*** Block opens ***
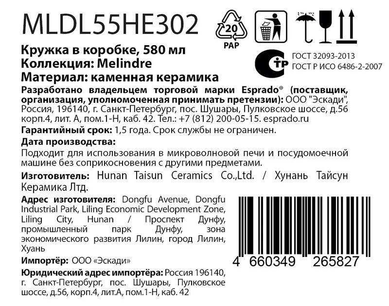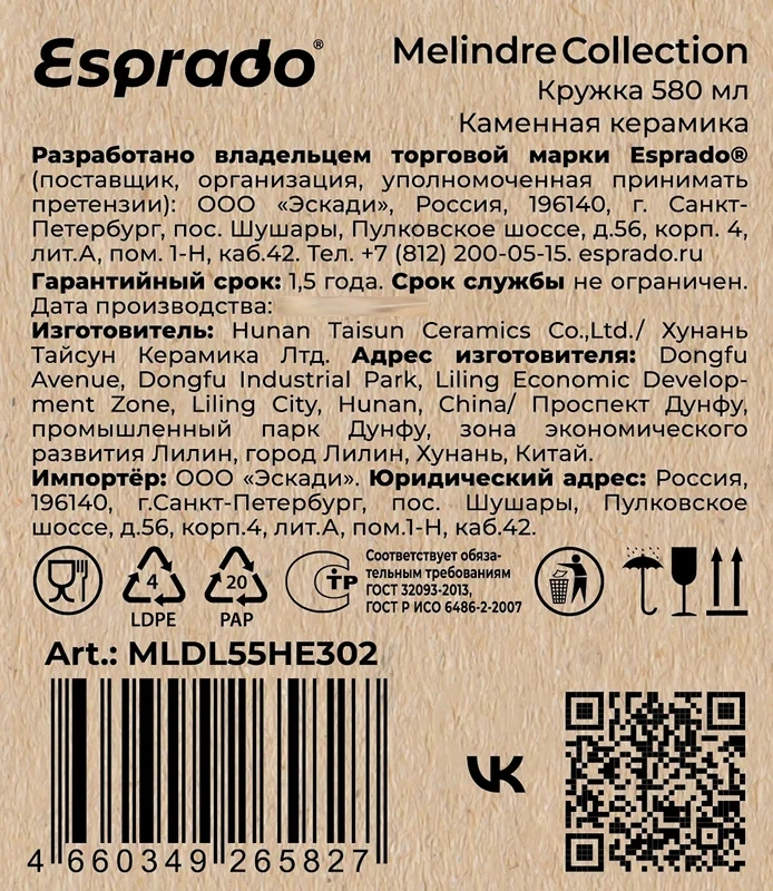 Кружка Esprado Melindre в подарочной упаковке, 580мл
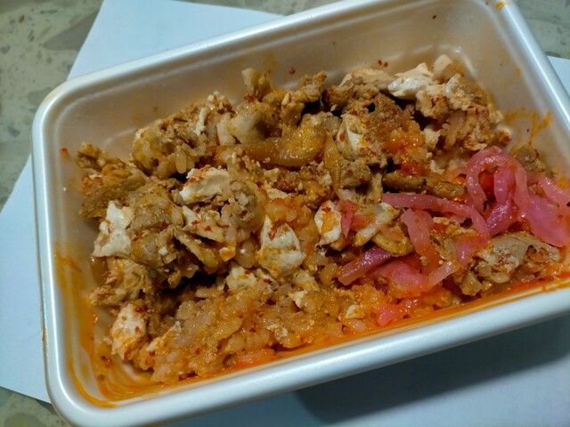 女性スタッフに尋ねると、豚肉と豆腐を辛く味付けした丼なんだとか。
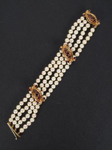 Bracelet 4 rangs de perles de culture de 5,5mm, rehaussé de 3 médaillons en or jaune et grenats
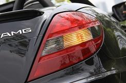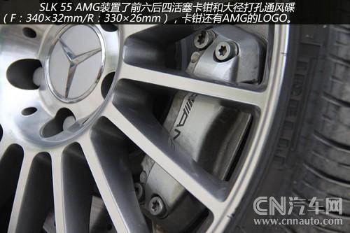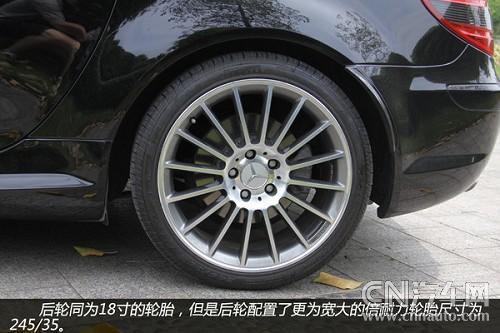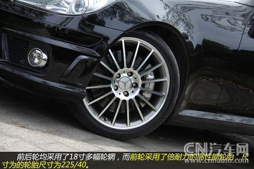 從輪轂以及剎車鉗都可以看到有AMG的標(biāo)識,可以看出這些都是AMG為SLK55重新打造得。配置18吋多幅式鋁圈的SLK55AMD,配用的輪胎是前225/40、后245/35/18P-Zero紅飆。煞車因動力和車重均較小之故,只裝置了前六后四活塞卡鉗+大徑打孔通風(fēng)碟(F:340×32mm/R:330×26mm),不過它的前碟中心盤采用了鋁合金的兩片式構(gòu)造,對于減輕簧下負(fù)重與抑制熱衰退肯定有正面的作用。
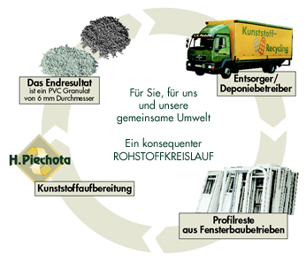 Der Marktanteil von Kunststofffenstern ist heute größer denn je zuvor. Doch bei der Entsorgung ergeben sich häufig Schwierigkeiten und es herrscht allgemeine Ratlosigkeit. Anstatt teure Wertstoffe einfach auf einer Deponie zu entsorgen, führen wir diese einem umweltverträglichen Kreislauf zu. Jeder kann seine Kunststoff-Altfenster bei uns sorgenfrei abgeben. Wir kümmern uns um das Sortieren der einzelnen Bestandteile und deren Weiterverarbeitung. Regionale Recycling-Fachbetriebe sind hier unsere Partner.
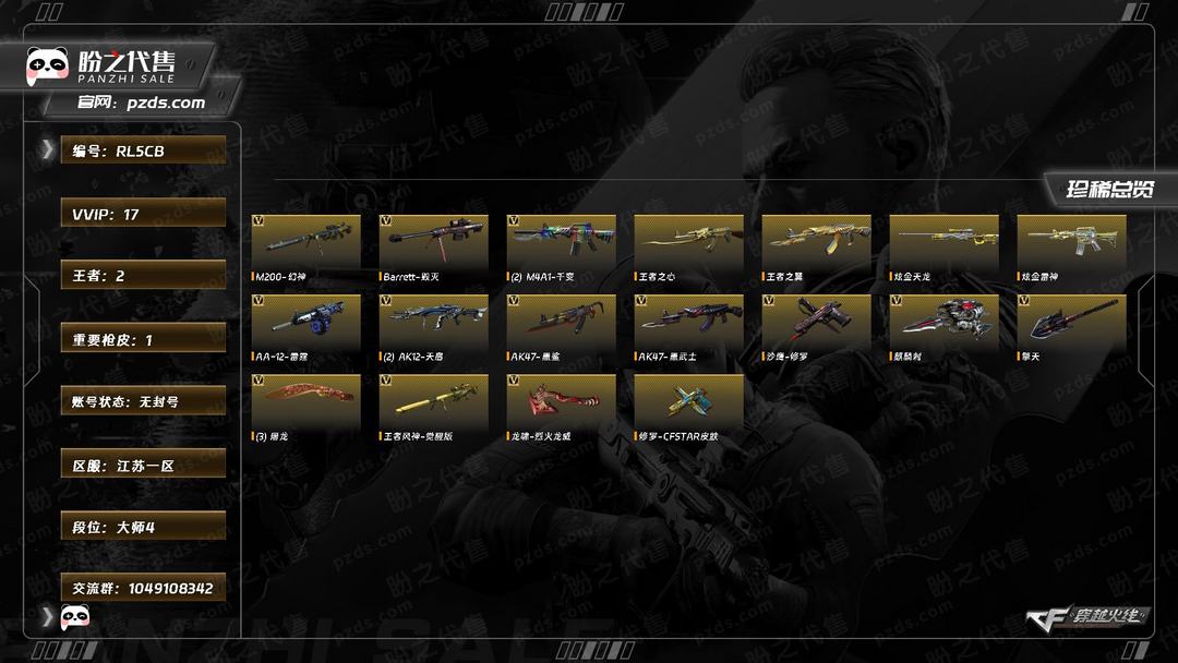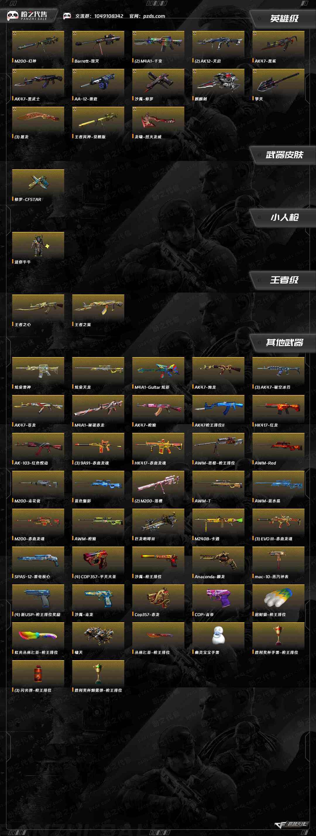 装备描述:王者武器:炫金雷神;炫金天龙;王者之心;王者之翼 英雄武器:M200-幻神;龙啸-烈火龙威;沙鹰-修罗;麒麟刺;AK47-黑武士;M4A1-千变;AK12-天启;AA-12-雷霆;AK47-黑鲨;擎天;Barrett-毁灭;屠龙 角色:雷霆-β;复仇者;威锋;灵狐者;影武者;影武者-X;雷豹;夜玫瑰-X;新曼陀罗;剑齿虎-X;圣诞潘多拉-X;风暴女;金戈;铁骑 道具:防弹头盔;C4工具钳;手雷包;防弹衣;夺命之镰;防化服;小兔皮;大圣头盔
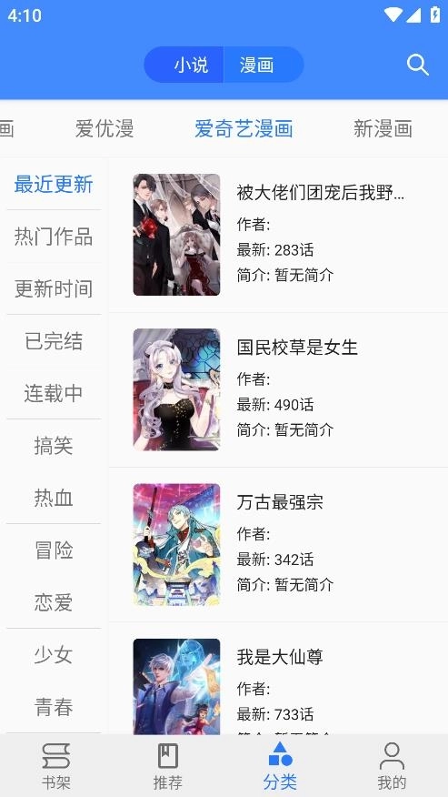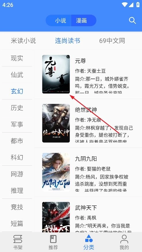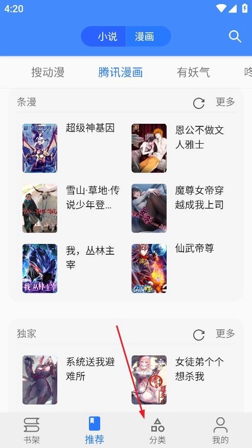 2.然后将上方的“小说/漫画”切换成小说。
*** Block closes ***
** THE PROBLEM **
Produce the entries again, word for word, without any of their pictures.

** OUTPUT OF THE EXERCISE **
 Кружка Esprado Melindre в подарочной упаковке, 580мл
 女性スタッフに尋ねると、豚肉と豆腐を辛く味付けした丼なんだとか。
 Bracelet 4 rangs de perles de culture de 5,5mm, rehaussé de 3 médaillons en or jaune et grenats
 從輪轂以及剎車鉗都可以看到有AMG的標(biāo)識,可以看出這些都是AMG為SLK55重新打造得。配置18吋多幅式鋁圈的SLK55AMD,配用的輪胎是前225/40、后245/35/18P-Zero紅飆。煞車因動力和車重均較小之故,只裝置了前六后四活塞卡鉗+大徑打孔通風(fēng)碟(F:340×32mm/R:330×26mm),不過它的前碟中心盤采用了鋁合金的兩片式構(gòu)造,對于減輕簧下負(fù)重與抑制熱衰退肯定有正面的作用。
 Der Marktanteil von Kunststofffenstern ist heute größer denn je zuvor. Doch bei der Entsorgung ergeben sich häufig Schwierigkeiten und es herrscht allgemeine Ratlosigkeit. Anstatt teure Wertstoffe einfach auf einer Deponie zu entsorgen, führen wir diese einem umweltverträglichen Kreislauf zu. Jeder kann seine Kunststoff-Altfenster bei uns sorgenfrei abgeben. Wir kümmern uns um das Sortieren der einzelnen Bestandteile und deren Weiterverarbeitung. Regionale Recycling-Fachbetriebe sind hier unsere Partner.
 装备描述:王者武器:炫金雷神;炫金天龙;王者之心;王者之翼 英雄武器:M200-幻神;龙啸-烈火龙威;沙鹰-修罗;麒麟刺;AK47-黑武士;M4A1-千变;AK12-天启;AA-12-雷霆;AK47-黑鲨;擎天;Barrett-毁灭;屠龙 角色:雷霆-β;复仇者;威锋;灵狐者;影武者;影武者-X;雷豹;夜玫瑰-X;新曼陀罗;剑齿虎-X;圣诞潘多拉-X;风暴女;金戈;铁骑 道具:防弹头盔;C4工具钳;手雷包;防弹衣;夺命之镰;防化服;小兔皮;大圣头盔
 2.然后将上方的“小说/漫画”切换成小说。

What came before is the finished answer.